## [WORK TO BE COMPLETED]
Reproduce the entries shown below only from the line with "Sui cappucci c'è, in" down to the line with "This area of", keeping both end lines and copying each one exactly.

## [THE RECORDS]
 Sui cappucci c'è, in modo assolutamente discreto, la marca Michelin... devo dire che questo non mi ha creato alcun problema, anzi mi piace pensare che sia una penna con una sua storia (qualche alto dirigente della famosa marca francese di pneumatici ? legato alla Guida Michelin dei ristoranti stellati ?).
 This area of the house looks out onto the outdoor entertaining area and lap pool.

==

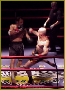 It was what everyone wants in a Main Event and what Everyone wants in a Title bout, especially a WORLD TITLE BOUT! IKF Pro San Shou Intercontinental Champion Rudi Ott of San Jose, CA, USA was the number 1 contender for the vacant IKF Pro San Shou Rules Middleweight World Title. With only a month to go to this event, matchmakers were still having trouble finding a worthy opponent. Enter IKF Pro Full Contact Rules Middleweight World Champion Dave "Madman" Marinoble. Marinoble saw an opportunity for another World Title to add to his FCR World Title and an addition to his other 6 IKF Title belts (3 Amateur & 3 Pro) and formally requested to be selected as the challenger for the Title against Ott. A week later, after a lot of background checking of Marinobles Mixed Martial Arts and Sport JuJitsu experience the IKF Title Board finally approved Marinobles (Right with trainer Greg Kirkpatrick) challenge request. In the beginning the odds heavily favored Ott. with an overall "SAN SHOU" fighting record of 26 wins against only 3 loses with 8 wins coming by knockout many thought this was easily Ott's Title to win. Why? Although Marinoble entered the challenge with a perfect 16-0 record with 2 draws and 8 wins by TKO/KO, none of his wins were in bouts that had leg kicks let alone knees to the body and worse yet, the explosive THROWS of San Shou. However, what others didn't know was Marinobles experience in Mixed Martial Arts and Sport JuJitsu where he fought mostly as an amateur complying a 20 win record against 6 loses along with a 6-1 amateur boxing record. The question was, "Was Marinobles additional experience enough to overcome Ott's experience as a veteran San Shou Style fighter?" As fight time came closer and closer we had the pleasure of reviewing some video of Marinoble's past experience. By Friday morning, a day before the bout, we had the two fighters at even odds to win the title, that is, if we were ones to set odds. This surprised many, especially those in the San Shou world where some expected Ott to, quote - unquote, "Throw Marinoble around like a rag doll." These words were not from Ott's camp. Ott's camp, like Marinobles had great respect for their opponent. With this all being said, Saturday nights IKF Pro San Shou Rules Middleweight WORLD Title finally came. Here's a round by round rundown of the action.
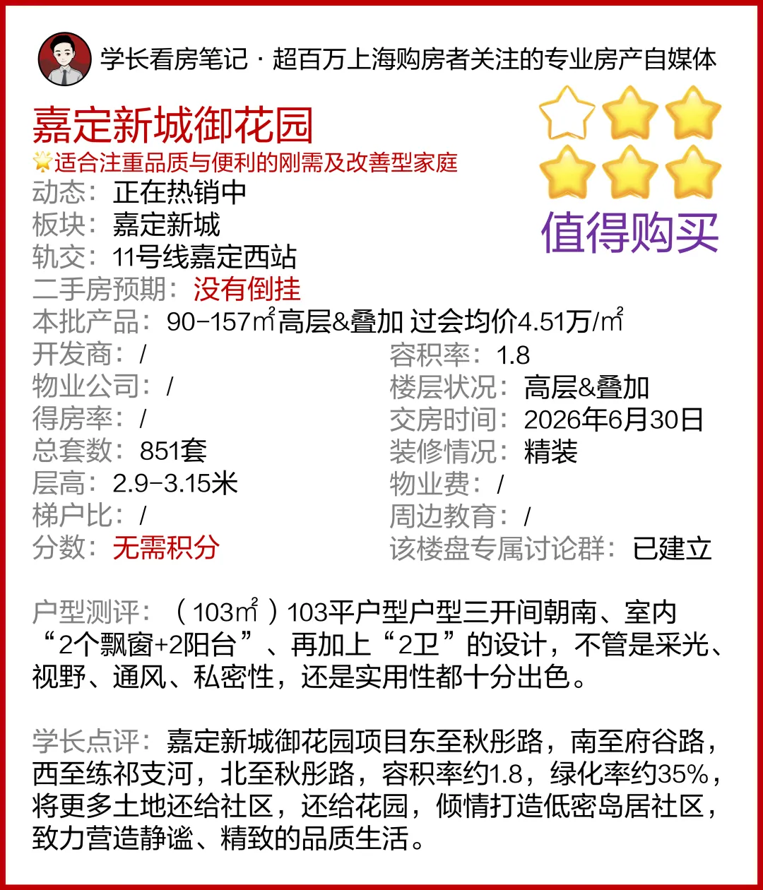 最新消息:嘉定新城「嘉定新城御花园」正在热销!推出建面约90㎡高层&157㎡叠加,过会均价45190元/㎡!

## [ANSWER TO THIS TASK]
 Sui cappucci c'è, in modo assolutamente discreto, la marca Michelin... devo dire che questo non mi ha creato alcun problema, anzi mi piace pensare che sia una penna con una sua storia (qualche alto dirigente della famosa marca francese di pneumatici ? legato alla Guida Michelin dei ristoranti stellati ?).
 This area of the house looks out onto the outdoor entertaining area and lap pool.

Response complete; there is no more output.